EXERCISE REQUIREMENTS: The listing below must be repeated word for word, with its images excluded.

◆ ◆ ◆ ◆ ◆ ◆ ◆

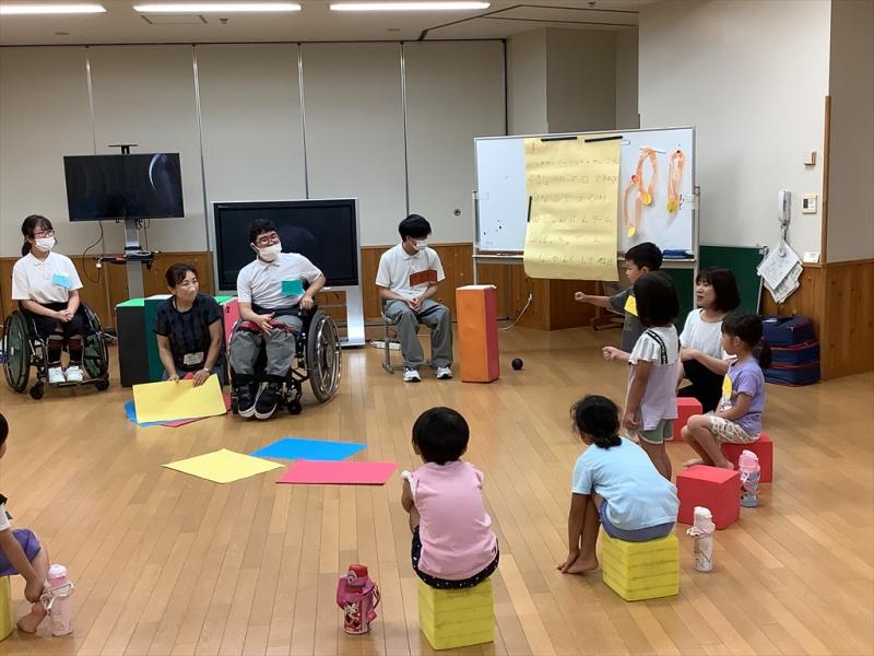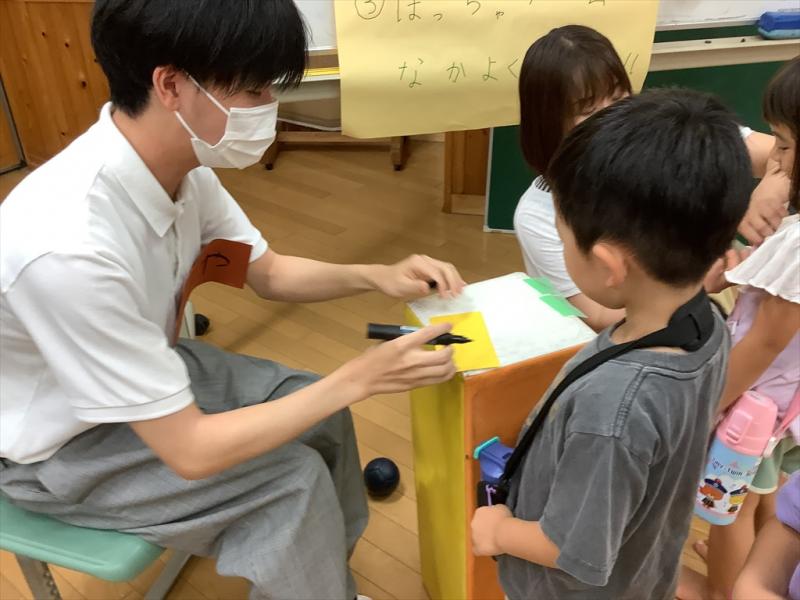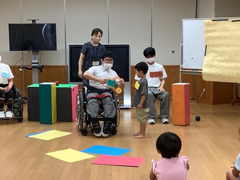 2023年8月1日 10時19分7月14日(金)の2限、A部門高等部の家庭科の授業で生徒3名(西村遥哉さん、坂口由宇さん、林咲希さん)が薬師谷保育園の年長児9名と本校で交流しました。
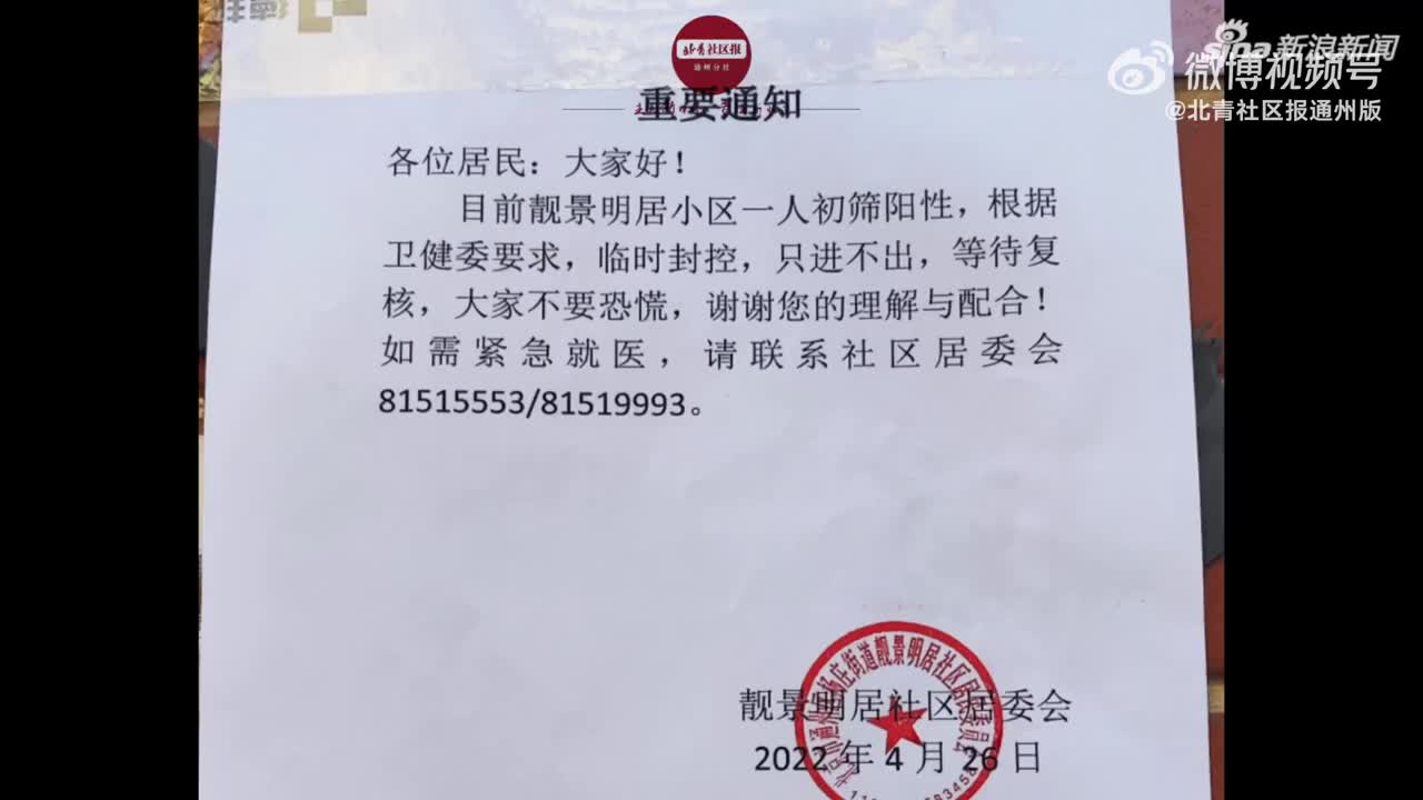 通州靓景明居新增一例初筛阳性,紧急封控,只进不出
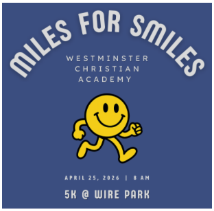 In partnership with Fresh Wind Recovery Ministry, the Chick Fil A Leader Academy of Westminster Christian Academy is sponsoring a Miles for Smiles 5K on Saturday, March 29th at Wire Park in Watkinsville. The goal is to raise funds to help with dental care for individuals who have overcome substance abuse and found new life in Jesus. As these individuals seek to become productive members of society and attain employment, they have every reason to smile. All proceeds from the race are going to Fresh Wind in order to aid in their recovery patients' dental health needs and allow them to smile with confidence.
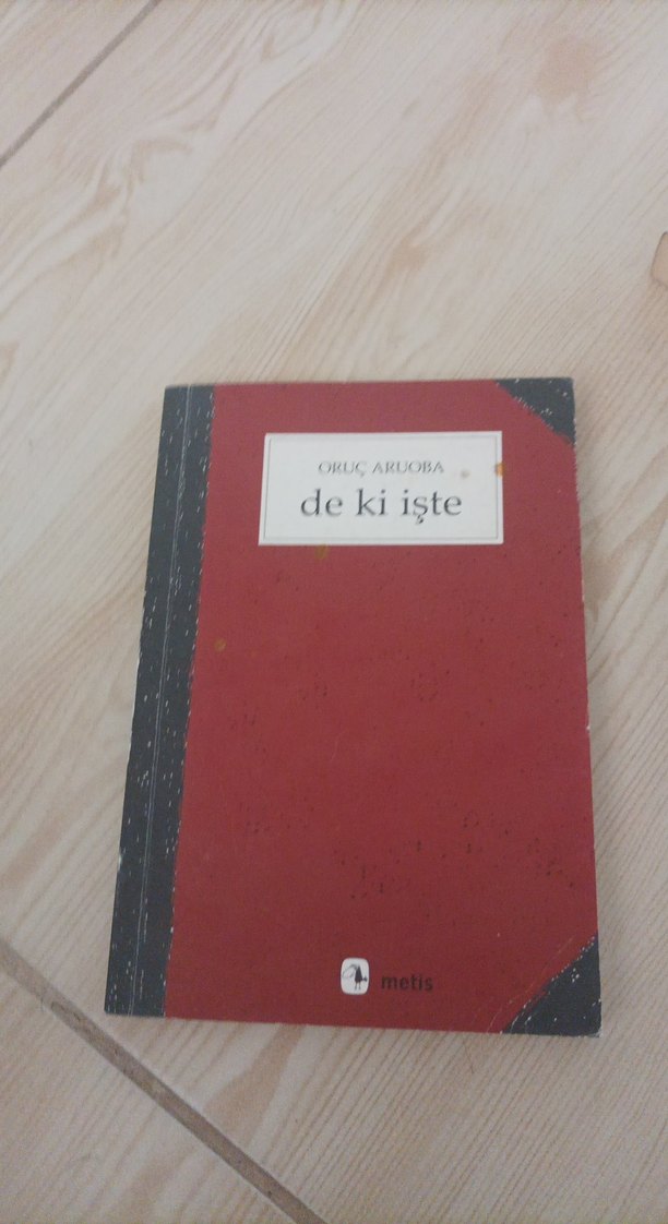 Oruç Aruoba'nın "De Ki İşte" adlı romanı, sade ve klasik kapak tasarımıyla derin temalar sunar.
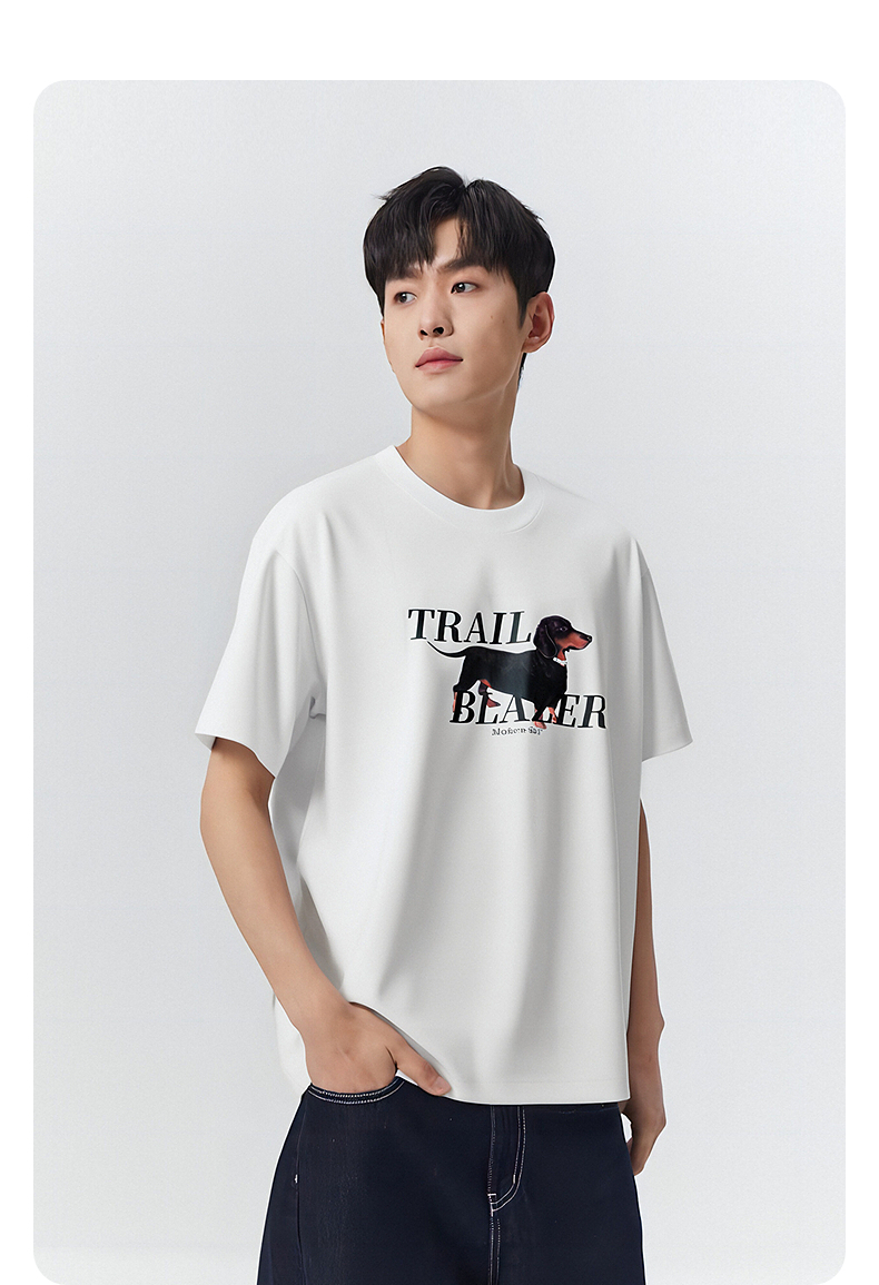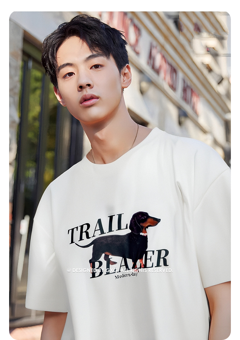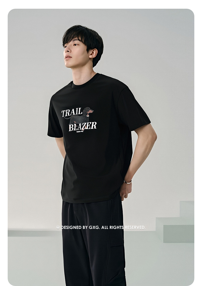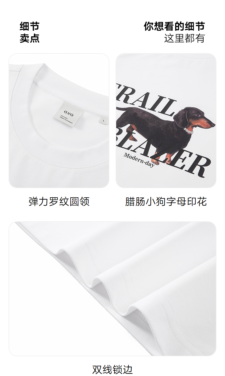 【凉感】GXG男装 圆领T恤腊肠狗图案印花双色短袖上衣 25夏新品
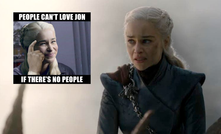 As you can see, a lot of the memes blowing up on Twitter following Dany's big breakdown revolve around predictions of how the rest of the characters on the show will respond to her rampage in the series finale. For instance, Sansa has been right not to trust Daenerys all along, and Jon Snow clearly had a change of heart after seeing his girlfriend/aunt murder hundreds of innocent people. Since Episode 5 ended before we actually got to see Daenerys land with Drogon, it is evident that the series finale will largely revolve around the remaining main characters confronting Dany over her murderous actions.

◆ ◆ ◆ ◆ ◆ ◆ ◆

RESPONSE BELOW:
 2023年8月1日 10時19分7月14日(金)の2限、A部門高等部の家庭科の授業で生徒3名(西村遥哉さん、坂口由宇さん、林咲希さん)が薬師谷保育園の年長児9名と本校で交流しました。
 通州靓景明居新增一例初筛阳性,紧急封控,只进不出
 In partnership with Fresh Wind Recovery Ministry, the Chick Fil A Leader Academy of Westminster Christian Academy is sponsoring a Miles for Smiles 5K on Saturday, March 29th at Wire Park in Watkinsville. The goal is to raise funds to help with dental care for individuals who have overcome substance abuse and found new life in Jesus. As these individuals seek to become productive members of society and attain employment, they have every reason to smile. All proceeds from the race are going to Fresh Wind in order to aid in their recovery patients' dental health needs and allow them to smile with confidence.
 Oruç Aruoba'nın "De Ki İşte" adlı romanı, sade ve klasik kapak tasarımıyla derin temalar sunar.
 【凉感】GXG男装 圆领T恤腊肠狗图案印花双色短袖上衣 25夏新品
 As you can see, a lot of the memes blowing up on Twitter following Dany's big breakdown revolve around predictions of how the rest of the characters on the show will respond to her rampage in the series finale. For instance, Sansa has been right not to trust Daenerys all along, and Jon Snow clearly had a change of heart after seeing his girlfriend/aunt murder hundreds of innocent people. Since Episode 5 ended before we actually got to see Daenerys land with Drogon, it is evident that the series finale will largely revolve around the remaining main characters confronting Dany over her murderous actions.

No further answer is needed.